Why do physicists study decay processes? Because they give us the pieces of a puzzle we can't fully reconstruct.

In particle physics, every particle dreams of losing weight and turning into a bunch of lighter particles. There are no exceptions. This process is called decaying.

Even the Higgs boson, that elusive goddamned residual particle of the Higgs field, decays into W bosons, Z bosons, leptons, and photons. In fact, each Z boson then decays to two leptons.

These processes are important because they allow physicists to reconstruct objects that exist for too short a period for them to be captured and studied. Instead, physicists study what the results of the decay process are and then piece together what must have come before.

Going by observations: The heavier the particle, the stronger the desire to decay into lighter particles. This is evinced by the particle’s lifetime.

The most massive elementary particle is the top quark, one of six kinds, or flavours, of quarks. It weighs a whopping 172.9 ± 1.5 GeV/c², which is almost as heavy as an atom of tungsten! Its lifetime, however, is a pitiful five trillion-trillionths of one second. (Here, GeV/c² is a unit of mass: Einstein's famous equation states mass and energy are related as E = mc², 'c' being the speed of light. So, m = E/c².)

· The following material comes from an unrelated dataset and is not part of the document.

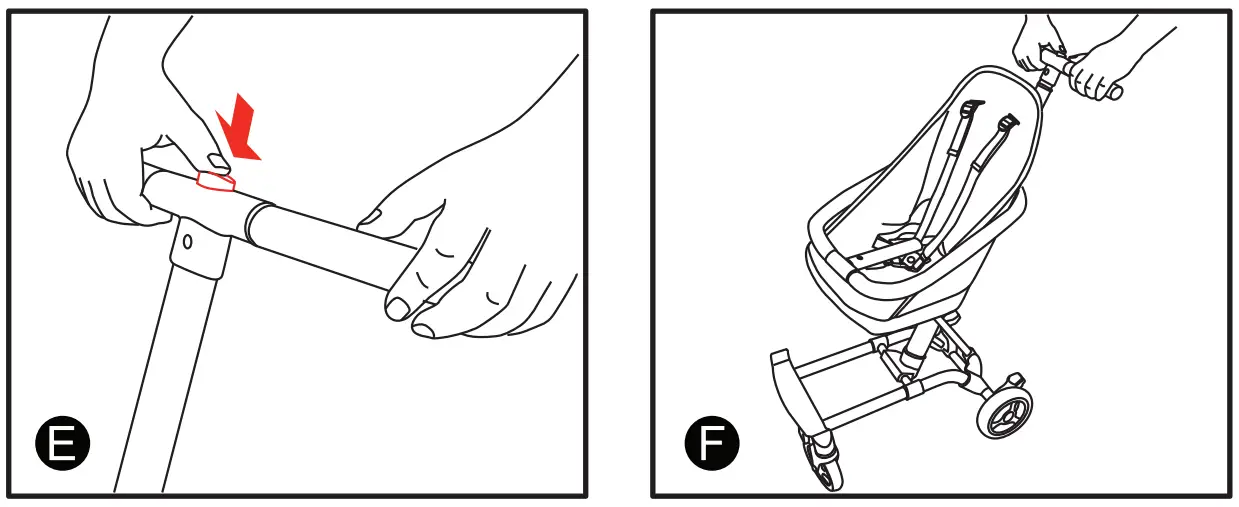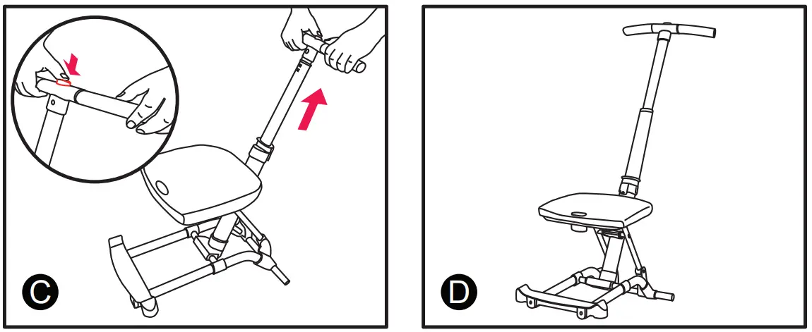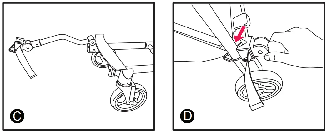 (2) Lift up the handle of the stroller until it clicks into place. Before continuing with the rest of the steps, make sure that the stroller handle is locked into place (figures C and D).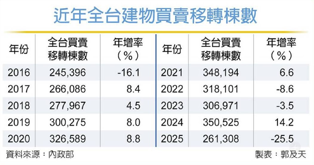 2025年全台買賣移轉棟數出爐,全年買賣移轉驚險守住26萬棟,為26.1萬棟,年減25.5%,劇烈衰退幅度為近年罕見,全年交易量寫下近九年新低及史上第三低紀錄,僅高於2016年房地合一稅上路的24.5萬棟,及2001年網路泡沫的25.9萬棟。

One of the least massive elementary particles, on the other hand, is the electron. It weighs a decent 0.511 MeV/c², is perfectly stable, and never decays.

Decay to what and when

Because of their propensity for decaying, heavier particles will not only decay faster but also in more combinations of lighter particles. This is because the heavier you are, the more options there are of particles lighter than you to choose from. Of course, there are limits to how often one combination of particles is chosen to decay through over another.

Moreover, heavier particles seldom come together to make up even heavier particles. The top quark, for example, doesn’t even last long enough to pair up with other quarks to form hadrons like protons and neutrons.

However, in the off-chance that two heavy particles have come together, the composite particle is going to have a far shorter lifetime than either of the constituents, and is going to decay through literally an abundance of combinations. One example of such a particle that’s been in the news is the B_c meson, first discovered by the Tevatron in 1995.

Mesons are particles that contain one quark and one antiquark. Unfortunately, the B_c meson contains two of the heaviest flavours of quarks (after the top quark) known – bottom and charm – and so its lifetime is abysmal…

But not abysmal enough for the Large Hadron Collider (LHC).

The B_c meson decays

The LHCb detector on the LHC is specialised to study the bottom quark, which weighs around 4.2 GeV/c². The other particle in the B_c meson, the charm antiquark, weighs 1.3 GeV/c².

Note that these masses are approximates; a strange quantum mechanical principle called colour confinement has kept us from accurately measuring their masses.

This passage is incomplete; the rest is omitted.